Question 16 [4 marks]

(a) Time to fill 84 litres: $\frac{84}{3.5} = 24 \text{ minutes} = 24 \text{ min } 0 \text{ s}$

(b) 2 hours 15 minutes = $2 \times 60 + 15 = 135$ minutes

Volume filled: $3.5 \times 135 = 472.5$ litres

Teaching note: Rate problems use the relationship: amount = rate × time. Be careful with unit conversions between hours and minutes.

Marking: 2 marks for (a), 2 marks for (b) — 1 for time conversion, 1 for calculation.

Question 17 [5 marks]

(a) 8 machines produce 480 units in 6 hours.

One machine produces in 6 hours: $\frac{480}{8} = 60$ units

One machine per hour: $\frac{60}{6} = 10$ units

(b) 12 machines produce per hour: $12 \times 10 = 120$ units

Time for 960 units: $\frac{960}{120} = 8$ hours

(c) Need to produce 600 units in 4 hours.

Required hourly rate: $\frac{600}{4} = 150$ units/hour

Number of machines: $\frac{150}{10} = 15$ machines

Teaching note: These are combined proportion problems. First find the rate for one machine, then scale up or down as needed. The key relationship is: total output = number of machines × rate per machine × time.

Marking: 1 mark for (a), 2 marks for (b), 2 marks for (c).

Question 18 [5 marks]

(a) $\$ 850 \text{ SGD} = 850 \times 0.74 = $629 \text{ USD}$

(b) $\$ 650 \text{ USD} = \frac{650}{0.74} = 878.38... \approx $878 \text{ SGD}$

(c) Original rate: $500 \times 0.74 = \$ 370 $USD New rate:$ 500 \times 0.78 = $390 $USD Difference:$ 390 - 370 = $20$ USD more

Teaching note: When converting currencies, multiply when going from the "1 = " currency to the other, and divide when going the other way.
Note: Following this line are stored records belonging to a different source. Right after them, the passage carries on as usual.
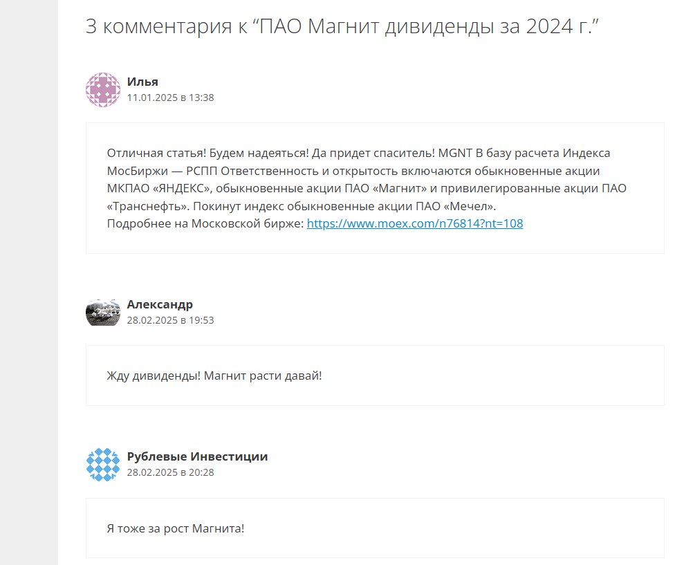 В сети нет независимых отзывов о создателе канала — ни в соцсетях, ни на инвестиционных форумах. Единственные комментарии найдены на самом сайте под статьями, и они крайне лаконичны и позитивны (“Полезная информация!”, “Жду дивиденды!”).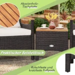 - Medžiagos: PE rotangas, metalas, akacijos medis, kempinė, poliesterio audinys.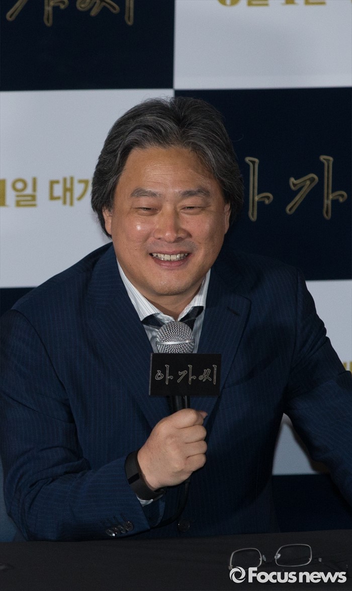 (서울=포커스뉴스) 25일 오후 서울 성동구 왕십리 CGV에서 열린 영화 '아가씨' 언론시사회에 참석한 박찬욱 감독이 인사말을 하고 있다.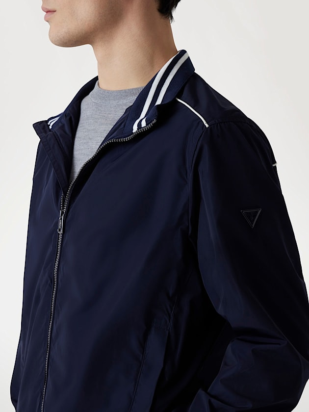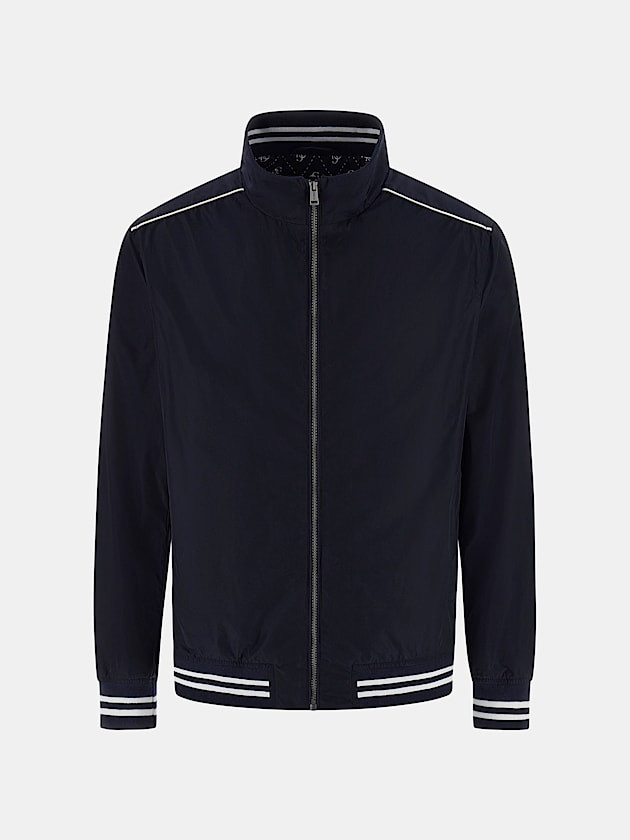 Features contrast trim on the shoulders, sleeves, and back yoke, as well as striped ribbing on cuffs, hem, and the inside of the stand-up collar.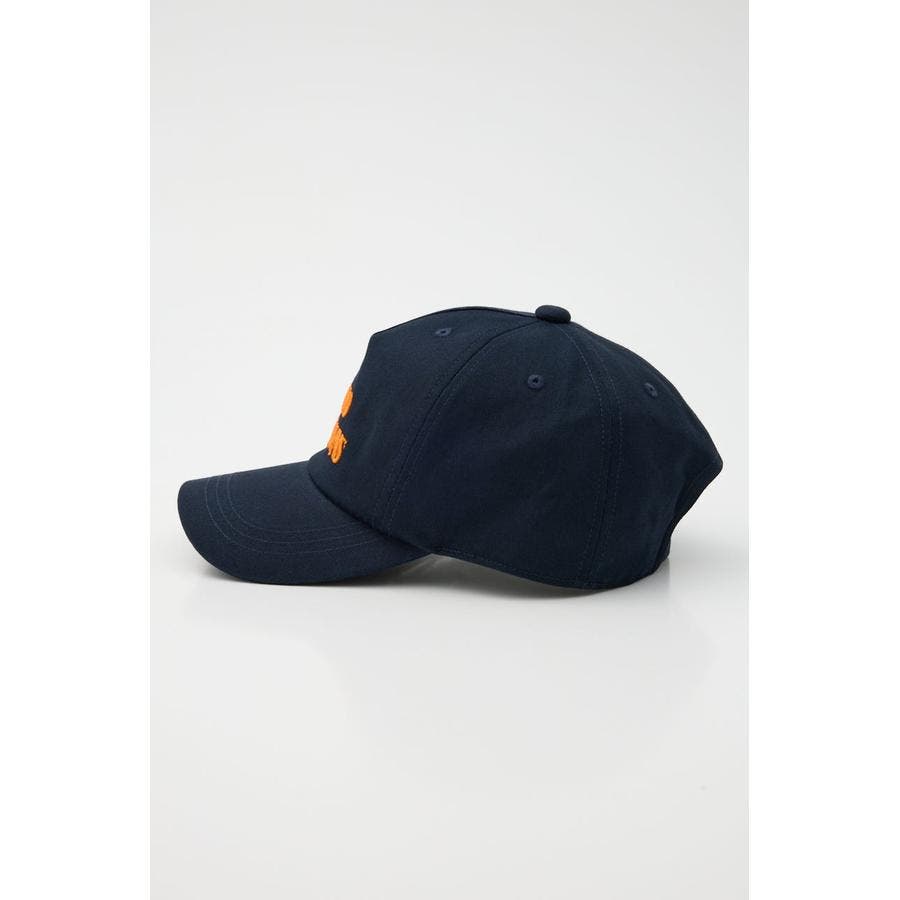 立体的なロゴ刺繍が特徴的なベースボールキャップ。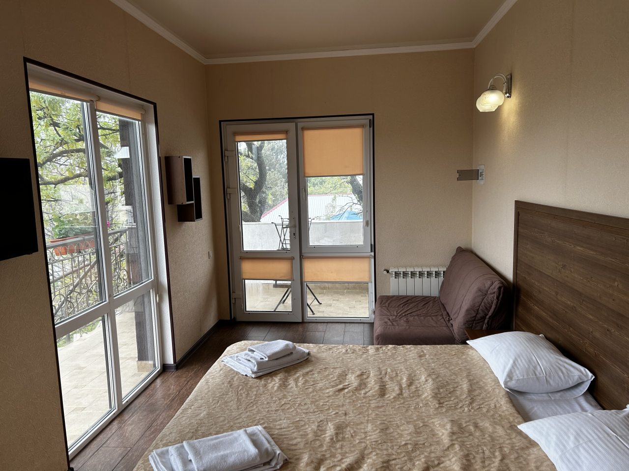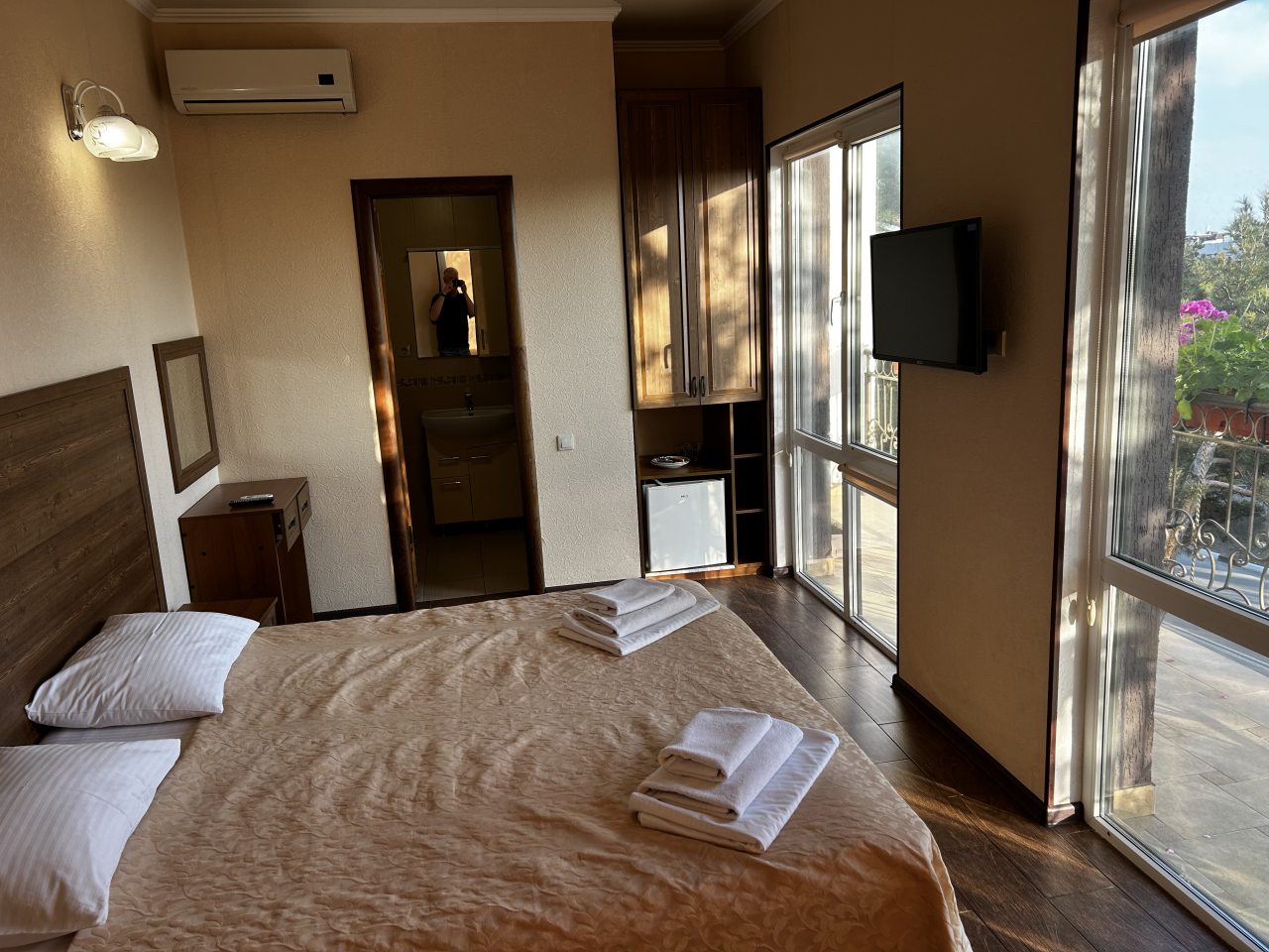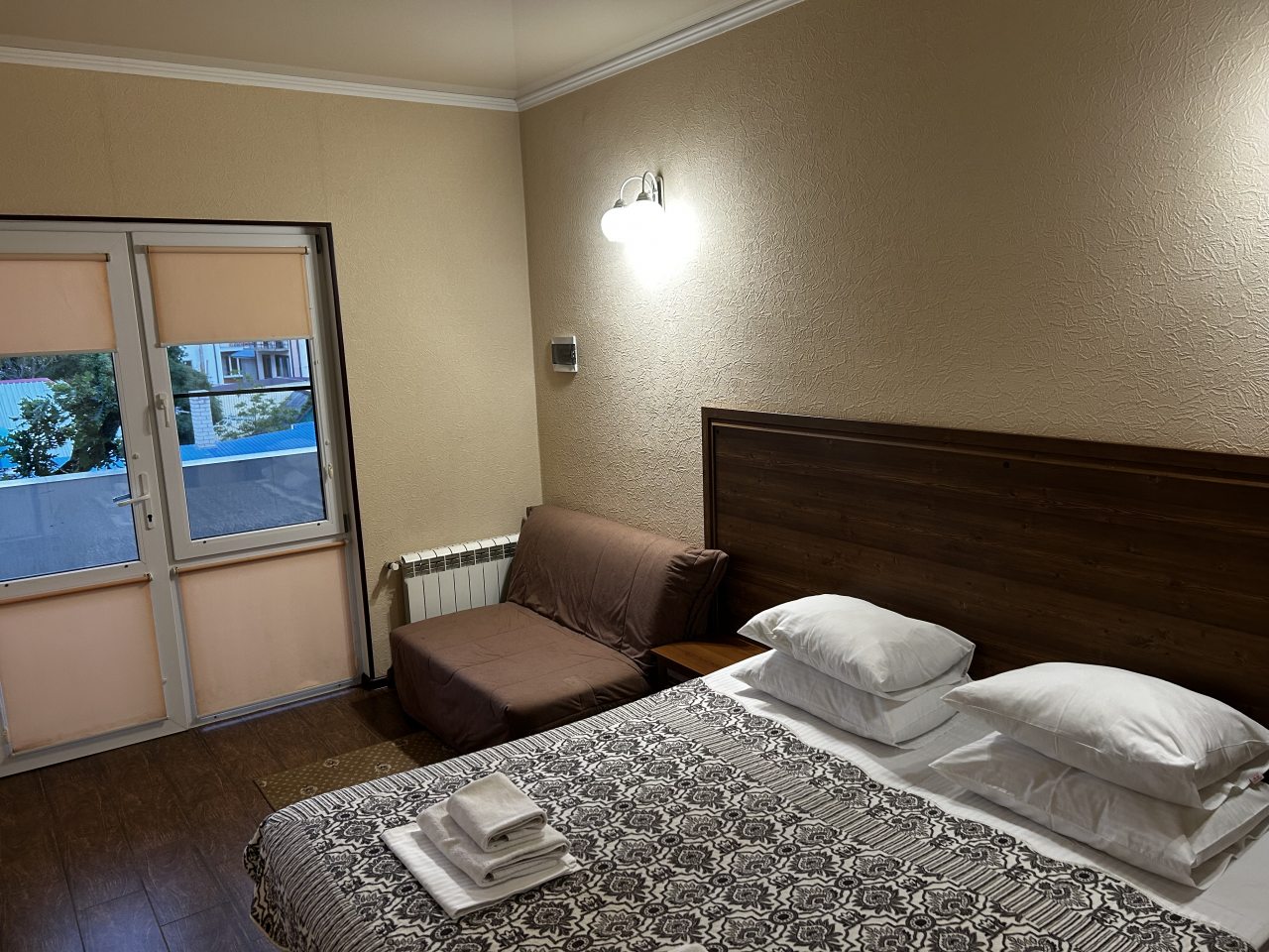 Наша пара выбрала этот дом как компромисс между ценой и удобством — и не пожалели. С первого взгляда видно, что всё организовано с умом: номера удобные, территория небольшая, но ухоженная. Порадовало наличие зон отдыха, особенно с теневыми навесами. До набережной можно дойти за 7–10 минут, что очень удобно. Вечером приятно прогуляться до центра и вернуться в тишину. Продавцы на ближайшем рынке уже узнают в лицо.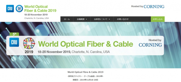 会議:「World Optical Fibre & Cable 2019 -世界光ファイバー・ケーブル会議 2019年」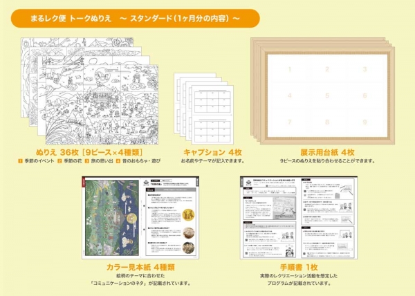 セット内容:ぬりえ4種、展示用台紙4枚、キャプション4枚、カラー見本紙4枚、手順書1枚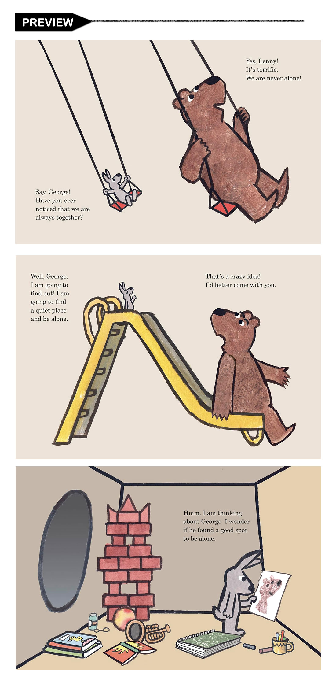 George and Lenny are always together. And it's terrific. They are never alone! So what happens when one of them decides it's time to try some alone time? Is there a way for them to be alone together?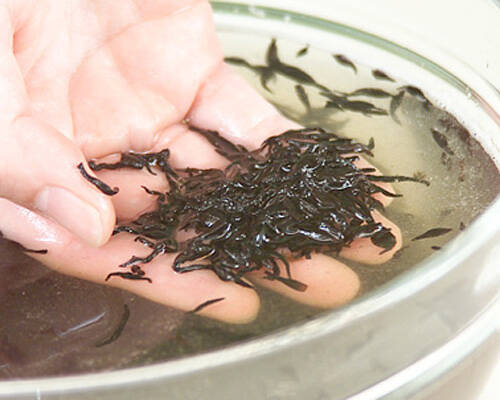 芽ヒジキはたっぷりの水につけて柔らかくて戻し、ザルに上げ流水できれいに洗い、水気をきる。(戻し時間は約20分)普通のひじきなら、柔らかく戻してから食べやすい長さに切る。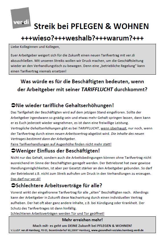 Am dritten zentralen Warnstreiktag am  24.1.2012  machten die rund 200 Streikenden von PFLEGEN & WOHNEN eine Demonstration durch die Hamburger Innenstadt. Sie informierten damit die BürgerInnen, dass sie angemessene Bezahlung und Arbeitsbedingungen verlangen, die in einem Tarifvertrag festgeschrieben sind. Das nachstehende Flugblatt wurde dort verteilt.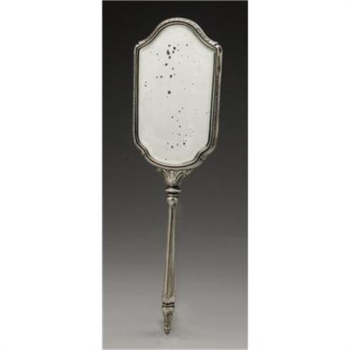<B>An American Silver Hand Mirror</B></I><BR><B>Webster Co., North Attleboro, MA, Early Twentieth Century</B></I><BR><BR>Hallmark to the front with <I>STERLING</B></I><BR>14.5in. long x 4.1in. wide1 Items <BR><BR><B>Condition Report:</B> Normal signs of wear as appropriate with age; the silver backing on the glass is slightly deteriorated; small dent to the edge.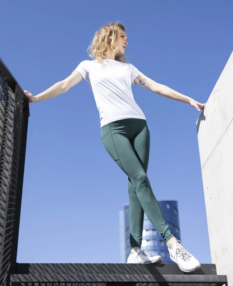 Dámské sportovní legíny se zvýšeným zesíleným pasem, vyvinuté speciálně pro ženy. Díky technologii širšího opasku perfektně sedí na postavě, zatímco praktické kapsy v bočním švu umožňují pohodlné uložení drobností. Počesaný nylon je lehký, prodyšný, příjemný na dotek a maximálně přizpůsobivý. Legíny jsou skvělou volbou pro sportovní aktivity i volný čas.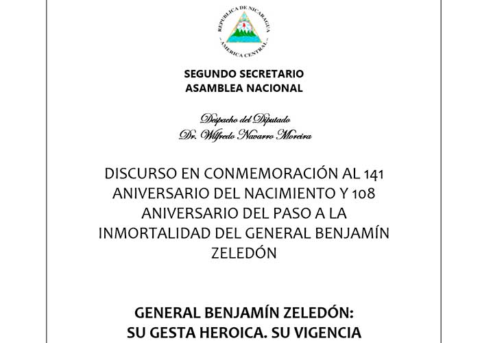 Que retumben a 141 años de su nacimiento y a 108 años de su tránsito a la inmortalidad, el pensamiento y las palabras del General Benjamín Zeledón. Para que los nicaragüenses pensemos en la patria, en el bienestar nacional. Y que las divisiones, las luchas intestinas, las ambiciones rastreras no promuevan nuevamente que los extranjeros intervengan en los asuntos internos del país y decidan sobre el destino de nuestra Nicaragua. Y que más nunca las botas del invasor pisen y mancillen el sagrado suelo patrio.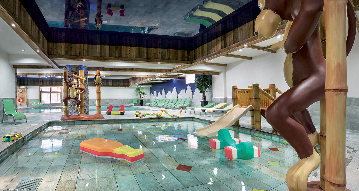 Centre O des Cimes - bazén# 15 x 5 m s lehátkami, detský bazénik#, vírivka#, fínska sauna#, para#, multifunkčná sprcha#, masáže*, kozmetické služby*, veľká posilňovňa#; služby označené # môžu využívať deti do 16 rokov len v sprievode dospelej osoby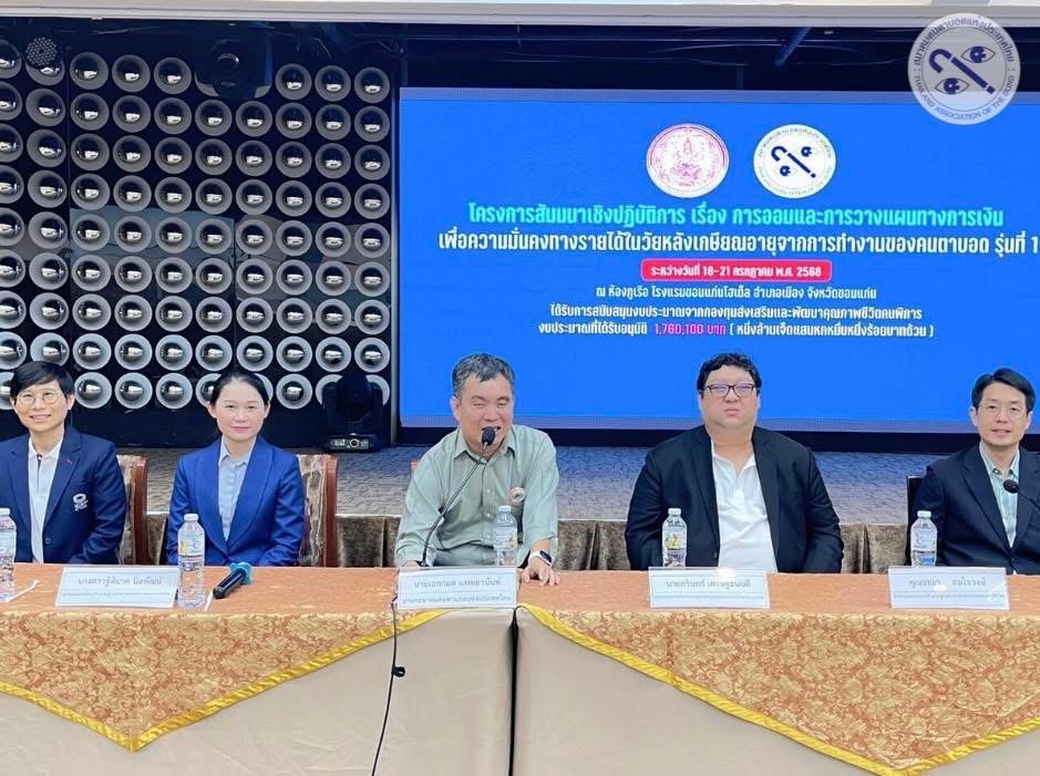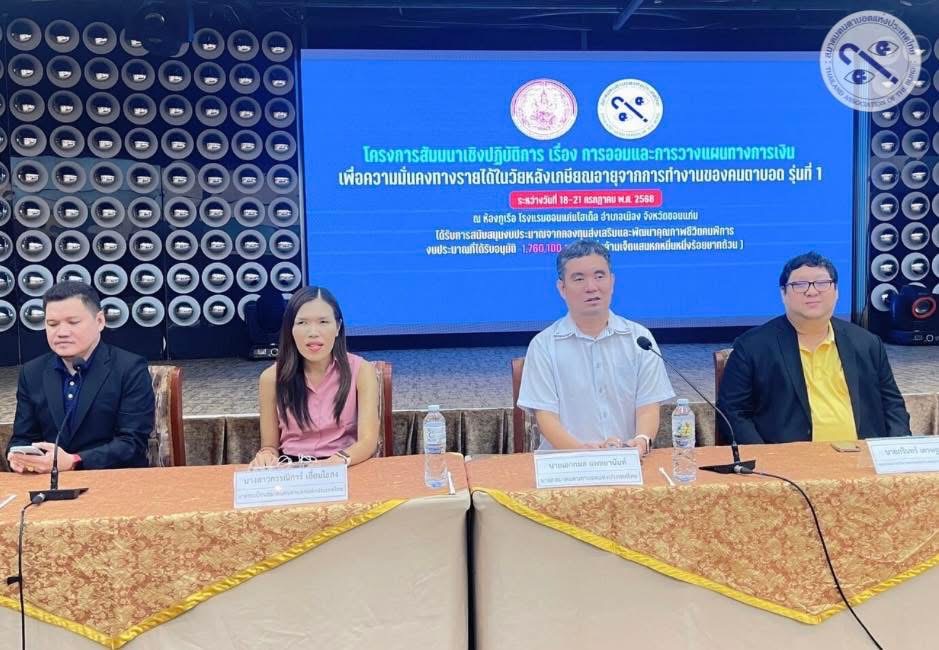 สมาคมคนตาบอดแห่งประเทศไทยจัดโครงการสัมมนาเชิงปฏิบัติการ เรื่อง “การออมและการวางแผนทางการเงินเพื่อความมั่นคงทางรายได้ในวัยหลังเกษียณอายุจากการทำงานของคนตาบอด” รุ่นที่ 1 ระหว่างวันที่ 18 – 21 กรกฎาคม 2568 ณ โรงแรมขอนแก่นโฮเต็ล จังหวัดขอนแก่น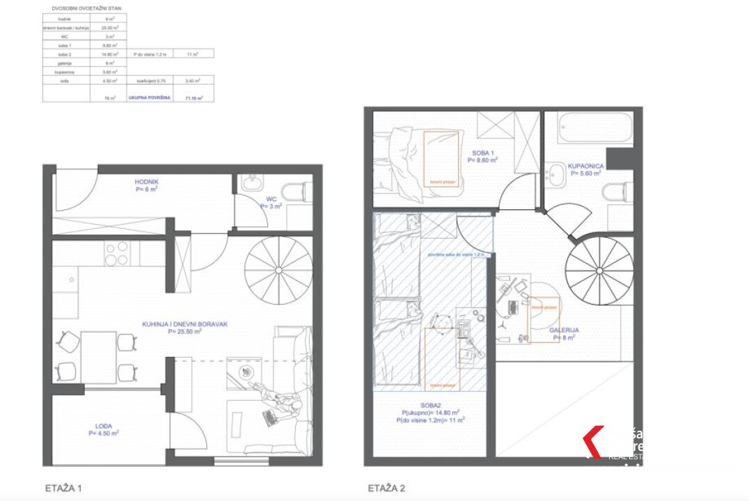 U ponudi nudimo namješten dvoetažni stan na trećem katu stambene zgrade. Stan je ukupne korisne površine od 71m2, neto površina 64m2, sastoji se od dnevnog boravka, kuhinje, blagavonice, dvije kupaonice i dvije sobe raspoređeno na dvije etaže. Na d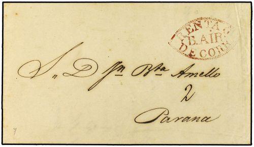 1852 (14-Abril) BUENOS AIRES a PARANA. Marca RENTA DE CORREOS/B. AIR en rojo (Kn 13).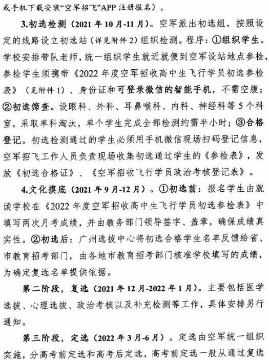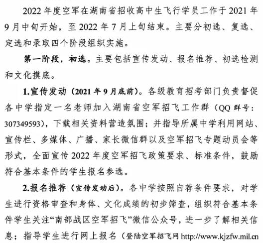 湖南关于2022年度空军在湖南省招收高中生飞行学员工作安排已经公布,下面是详细信息,来看一下吧!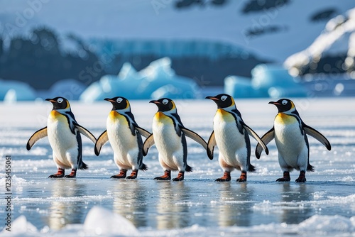© Michael, Obraz premium Waddling Penguins Playing on Ice in a Winter Wonderland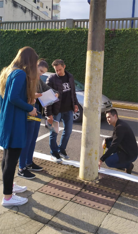 Na praça Engenheiro Daniel Olímpio da Rocha, os acadêmicos buscaram compreender como ela foi constituída e está sendo aproveitada atualmente. Pesquisaram sobre a origem e as condições atuais analisando fotos, a planta e fontes bibliográficas. Na área central da cidade, identificaram as irregularidades dos mobiliários e fizeram análise das calçadas e das escadarias. Após os estudos, para cada local, elencaram melhorias como: manutenção e limpeza frequentes, adequação da acessibilidade, manutenção das placas de sinalização de trânsito e dos postes de iluminação, implantação de parklets, bicicletários, lixeiras e bancos, novas pinturas em meios-fios e ajuste e padronização do tamanho das rampas de acesso e faixas táteis.

If 1 SGD = 0.74 USD, then to convert SGD to USD, multiply by 0.74.

Marking: 2 marks for (a), 2 marks for (b), 1 mark for (c).

Question 19 [5 marks]

(a) Converting 90 km/h to m/s: $90 \text{ km/h} = 90 \times \frac{1000}{3600} = 90 \times \frac{5}{18} = 25 \text{ m/s}$

(b) Time for 315 km at 90 km/h: $t = \frac{315}{90} = 3.5 \text{ hours} = 3 \text{ hours } 30 \text{ minutes}$

(c) Return journey: 315 km in 4 hours 10 minutes = $4 + \frac{10}{60} = 4.1667$ hours

Average speed: $\frac{315}{4.1667} = 75.6 \approx 76$ km/h

Teaching note: The conversion factor between km/h and m/s is $\frac{5}{18}$ (multiply km/h by $\frac{1000}{3600} = \frac{5}{18}$ to get m/s). For time in hours and minutes, convert minutes to a fraction of an hour.

Marking: 2 marks for (a), 1 mark for (b), 2 marks for (c).

Question 20 [5 marks]

(a) Percentage increase: $\frac{3.12 - 2.4}{2.4} \times 100 = \frac{0.72}{2.4} \times 100 = 30\%$

(b) Revenue in 2025 (applying same 30% increase to 2023): $3.12 \times 1.30 = 4.056 \approx 4.06 \text{ million (3 s.f.)}$

(c) Expenses in 2023: $0.65 \times 3.12 = 2.028$ million
Profit: $3.12 - 2.028 = 1.092$ million ≈ $\$ 1.09$ million

Teaching note: Percentage increase = $\frac{\text{new} - \text{old}}{\text{old}} \times 100\%$ . For part (b), the same percentage increase is applied to the 2023 figure (compound growth). Profit = Revenue − Expenses.

Marking: 2 marks for (a), 2 marks for (b), 1 mark for (c).